Given data ::
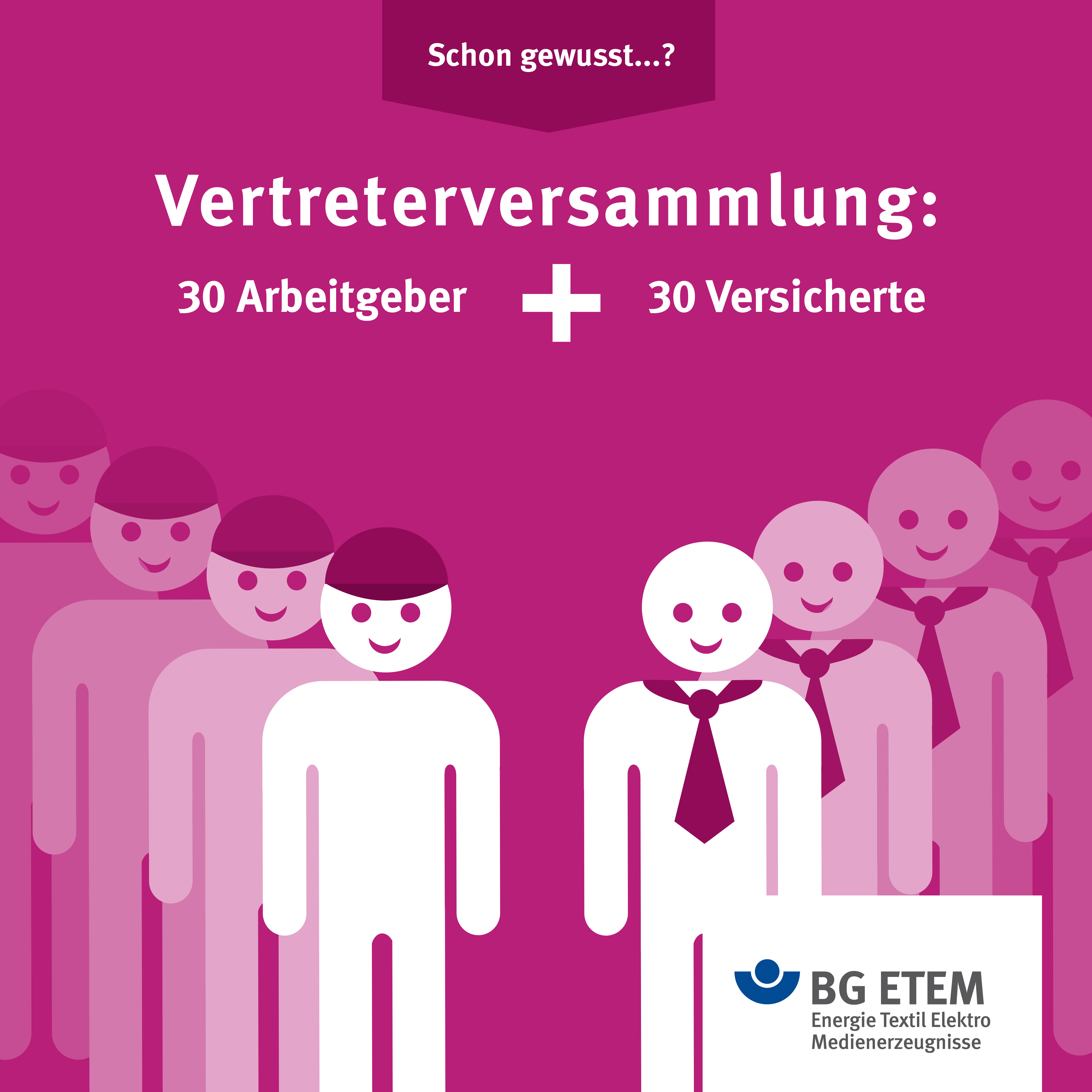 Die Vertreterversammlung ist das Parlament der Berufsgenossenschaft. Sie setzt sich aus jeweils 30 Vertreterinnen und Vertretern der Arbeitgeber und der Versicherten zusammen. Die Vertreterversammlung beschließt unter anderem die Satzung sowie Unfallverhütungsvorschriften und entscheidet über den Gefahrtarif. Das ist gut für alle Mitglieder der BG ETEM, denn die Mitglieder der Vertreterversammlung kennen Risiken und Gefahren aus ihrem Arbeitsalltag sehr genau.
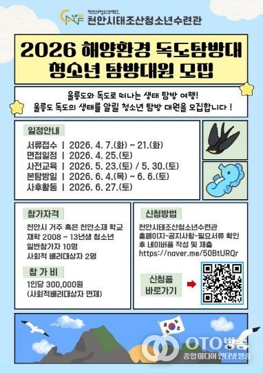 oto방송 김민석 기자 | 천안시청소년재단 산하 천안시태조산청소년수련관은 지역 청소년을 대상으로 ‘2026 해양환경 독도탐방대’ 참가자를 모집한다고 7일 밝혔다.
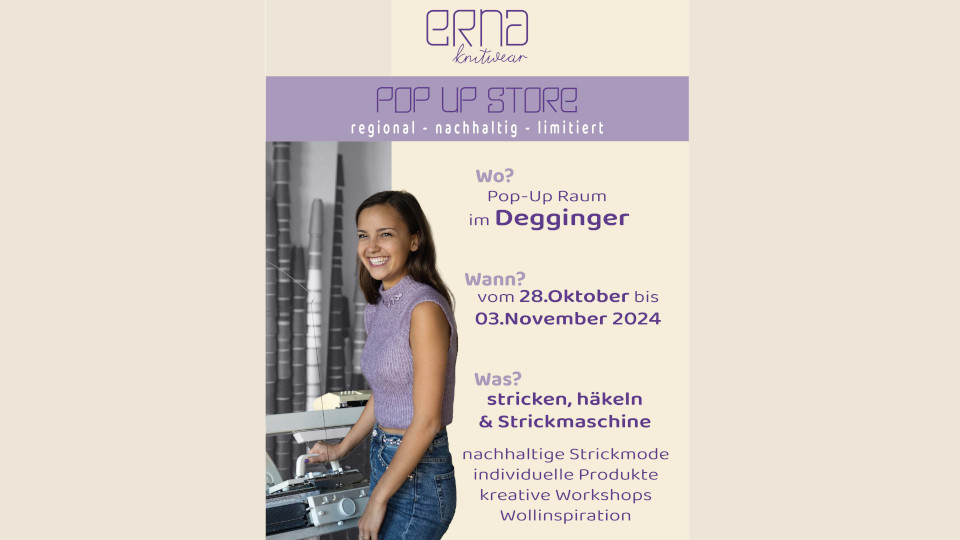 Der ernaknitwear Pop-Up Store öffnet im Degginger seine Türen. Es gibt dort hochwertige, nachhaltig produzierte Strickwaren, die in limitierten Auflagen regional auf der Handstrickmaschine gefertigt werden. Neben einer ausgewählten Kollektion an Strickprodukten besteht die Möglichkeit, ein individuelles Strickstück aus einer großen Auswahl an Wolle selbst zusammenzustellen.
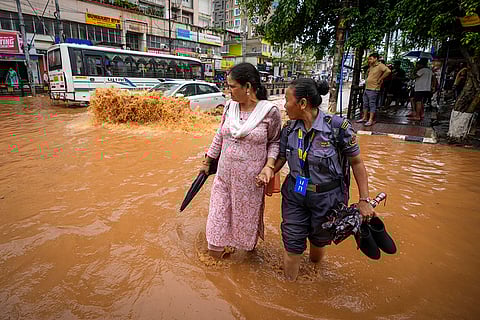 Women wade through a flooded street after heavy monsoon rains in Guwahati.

Assignment :: Could the material above be given again in full and exactly, with its pictures left out?

Expected output ::
 Die Vertreterversammlung ist das Parlament der Berufsgenossenschaft. Sie setzt sich aus jeweils 30 Vertreterinnen und Vertretern der Arbeitgeber und der Versicherten zusammen. Die Vertreterversammlung beschließt unter anderem die Satzung sowie Unfallverhütungsvorschriften und entscheidet über den Gefahrtarif. Das ist gut für alle Mitglieder der BG ETEM, denn die Mitglieder der Vertreterversammlung kennen Risiken und Gefahren aus ihrem Arbeitsalltag sehr genau.
 oto방송 김민석 기자 | 천안시청소년재단 산하 천안시태조산청소년수련관은 지역 청소년을 대상으로 ‘2026 해양환경 독도탐방대’ 참가자를 모집한다고 7일 밝혔다.
 Der ernaknitwear Pop-Up Store öffnet im Degginger seine Türen. Es gibt dort hochwertige, nachhaltig produzierte Strickwaren, die in limitierten Auflagen regional auf der Handstrickmaschine gefertigt werden. Neben einer ausgewählten Kollektion an Strickprodukten besteht die Möglichkeit, ein individuelles Strickstück aus einer großen Auswahl an Wolle selbst zusammenzustellen.
 Women wade through a flooded street after heavy monsoon rains in Guwahati.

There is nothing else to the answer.